→ Requirement
Keep to one stretch of the data below, the lines from the one with "Здравствуйте! Ну если" up to and including the one with "7.3.6 钢材矫正后的允许偏差应符合表7.3.6的规定。", and return that stretch exactly.
[Dataset entries — start]
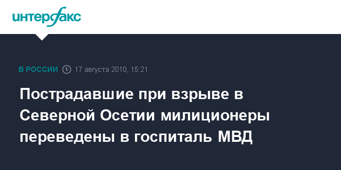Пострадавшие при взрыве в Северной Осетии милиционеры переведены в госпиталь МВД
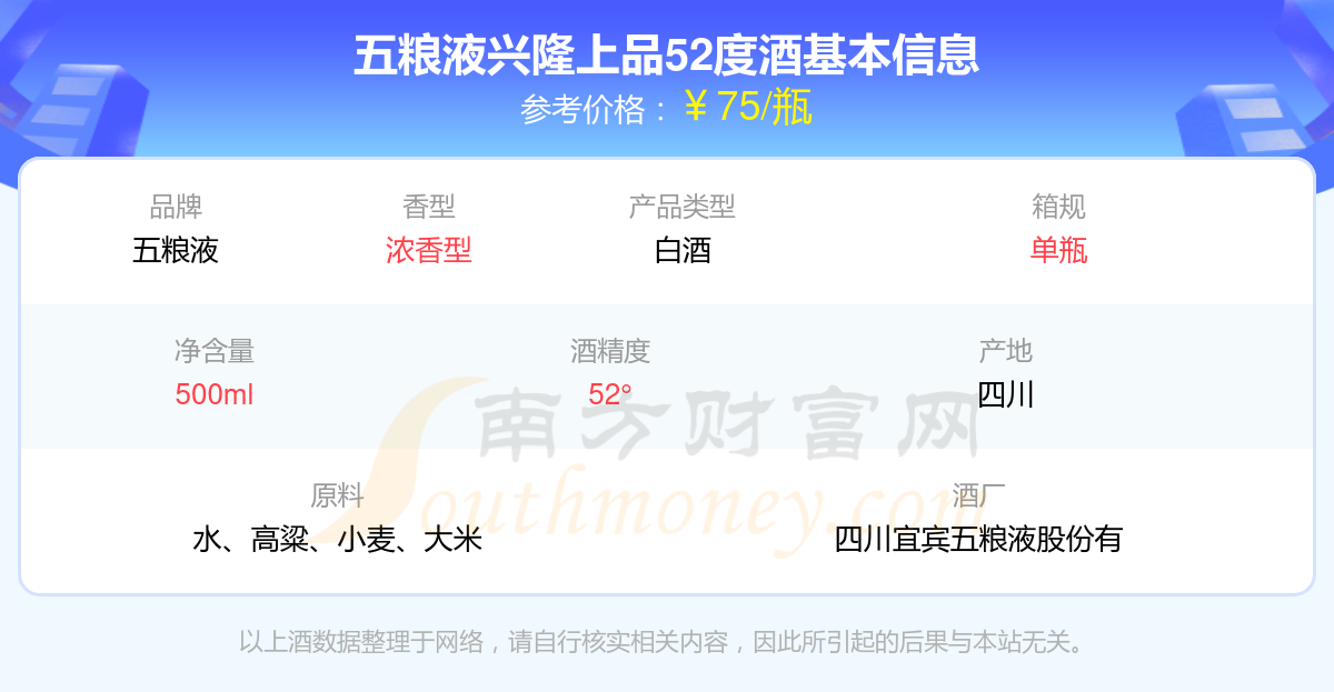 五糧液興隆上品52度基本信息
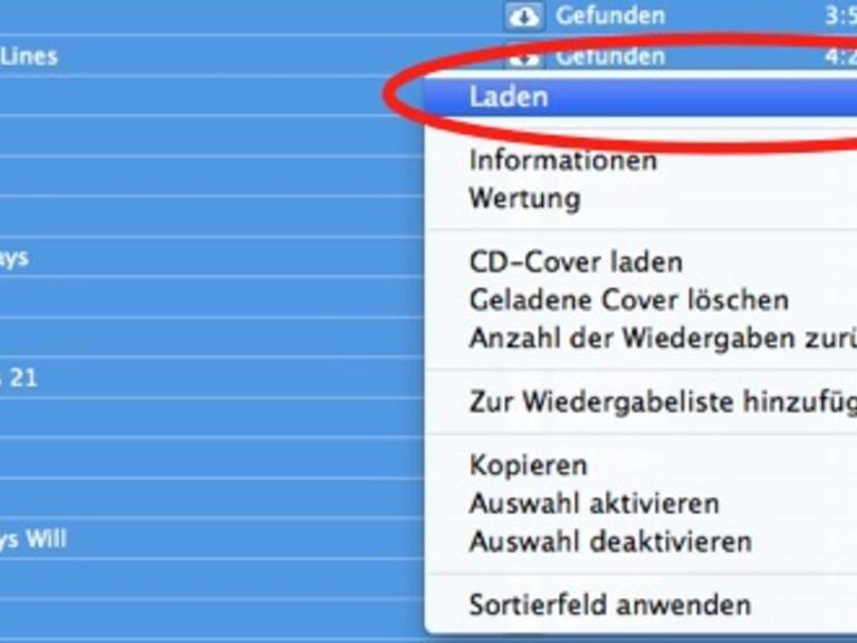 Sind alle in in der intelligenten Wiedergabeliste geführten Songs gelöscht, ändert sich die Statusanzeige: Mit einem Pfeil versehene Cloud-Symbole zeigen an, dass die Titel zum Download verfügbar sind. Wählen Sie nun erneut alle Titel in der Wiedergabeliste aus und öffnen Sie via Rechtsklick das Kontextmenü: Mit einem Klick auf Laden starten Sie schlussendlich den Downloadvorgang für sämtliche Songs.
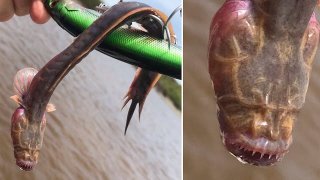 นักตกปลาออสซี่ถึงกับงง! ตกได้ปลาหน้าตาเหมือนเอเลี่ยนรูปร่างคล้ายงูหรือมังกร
[Dataset entries — finish]
[Dataset entries — start]
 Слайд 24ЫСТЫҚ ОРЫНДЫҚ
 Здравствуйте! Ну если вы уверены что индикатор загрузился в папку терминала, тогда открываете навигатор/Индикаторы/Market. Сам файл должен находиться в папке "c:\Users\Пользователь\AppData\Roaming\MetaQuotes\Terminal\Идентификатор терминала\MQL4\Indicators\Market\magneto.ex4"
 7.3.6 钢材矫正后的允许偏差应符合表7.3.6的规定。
[Dataset entries — finish]
→ Answer for this exercise
 Здравствуйте! Ну если вы уверены что индикатор загрузился в папку терминала, тогда открываете навигатор/Индикаторы/Market. Сам файл должен находиться в папке "c:\Users\Пользователь\AppData\Roaming\MetaQuotes\Terminal\Идентификатор терминала\MQL4\Indicators\Market\magneto.ex4"
 7.3.6 钢材矫正后的允许偏差应符合表7.3.6的规定。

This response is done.